My problem with this?  I’m off to Vegas in a few days for the MIX06 conference. MIX06 is Microsoft’s effort to gain some traction in the growing mashup/Web 2.0 space.  It’s at the splendid Venetian Hotel and I’d rather be marvelling at the architectural extravagances and enjoying the huge MS party at “TAO” than worrying about how many of the people walking the street are doomed to untimely and lonely deaths at the hands of their obsessions.

 

Time gets Web 2.0


Time Magazine notes:

From politics to movie-making, from NASA to NASCAR, exciting new changes are occurring — and so is the very process of innovation. For one thing, corporations and universities no longer dominate the world of new ideas.
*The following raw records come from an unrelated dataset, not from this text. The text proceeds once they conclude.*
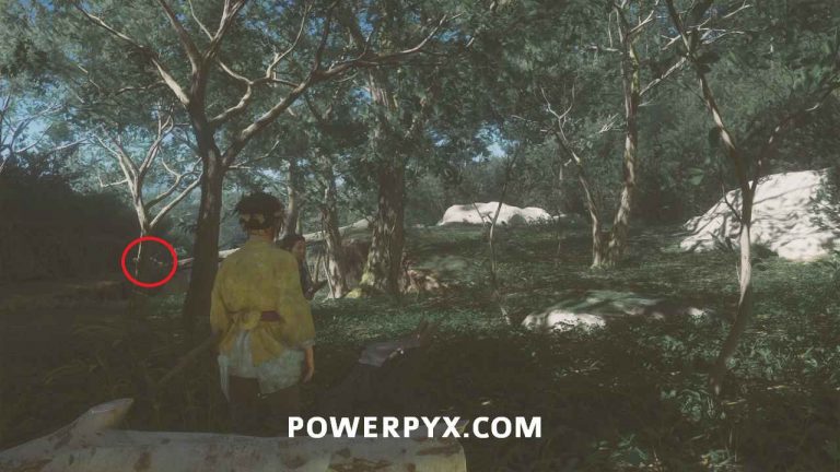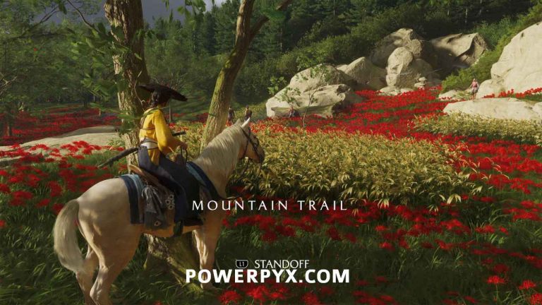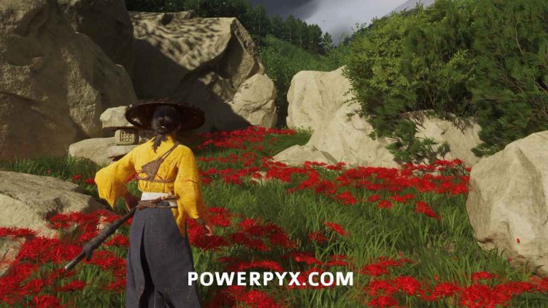 Head west from Yotei’s Shadow Inn to reach the foot of Mount Yotei. Take out the outlaws camped among the red flowers.
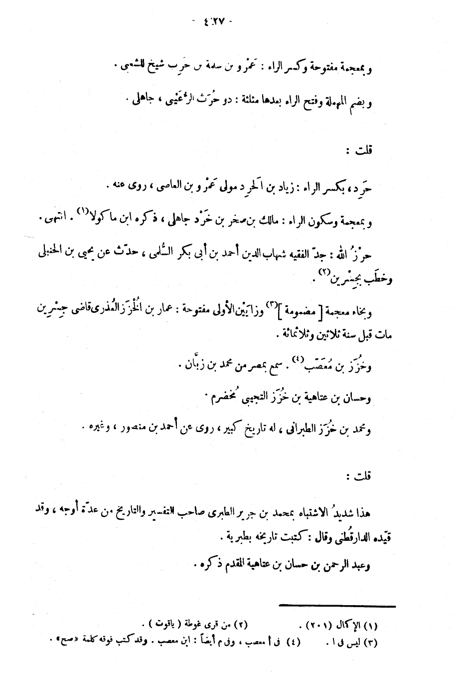 قلت: هذا شديدُ الاشتباه بمحمد بن جرير الطبري صاحب التفسير والتاريخ من عدّة أوجه، وقد قّيده الدارقُطني وقال: كتبت تاريخه بطبرية.
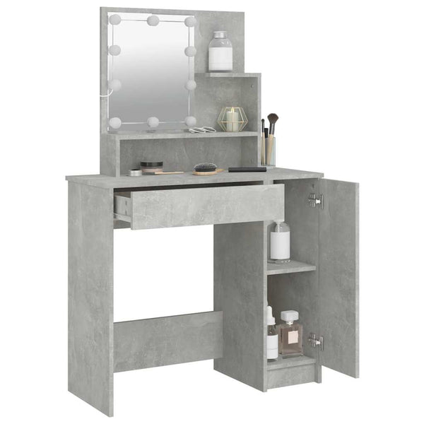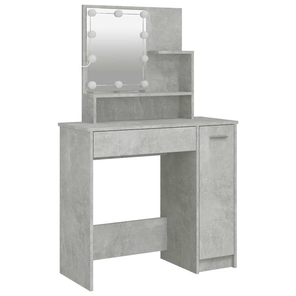 Betoninharmaa peilipöytä led-valoilla 86,5x35x136cm
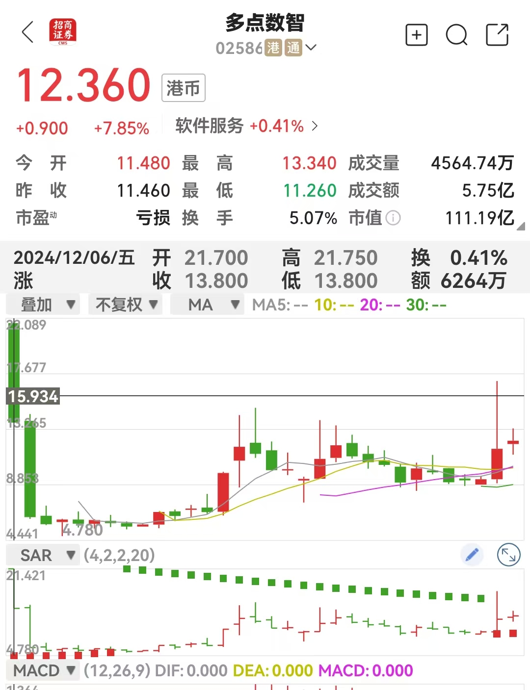 消息发出,适逢京东(09618)、蚂蚁集团等申请香港稳定币牌照,多点数智以10.36港元/股跳空高开,最高达17.10港元/股,涨幅近90%;当日收于11.14港元/股,涨幅23.64%。

Instead, we’re living in an age of individual innovation spurred on by the Internet as well as a form of group project best represented by resources like Wikipedia, the online encyclopedia that is edited by the masses instead of an elite cadre of professional editors.

I like it.  I’m big on the implications of the explosive growth of global online communities, the programmable web and all the other cool things that happen when the notion of social and corporate networking is extended to an increasingly robust global information network (aka “the internet”).

How the money will flow in this brave new networked world extravaganza is less clear than how the information and innovation will flow.   Wall street still views and invests as if heavily capitalized, large corporations will dominate the landscape for some time, though they are again warming up to the idea that little companies can make a big difference.  Myspace.com’s 580 million valuation and Skype’s even higher number give even the humblest small biz programming people cause to work a bit harder to find “the next big thing”.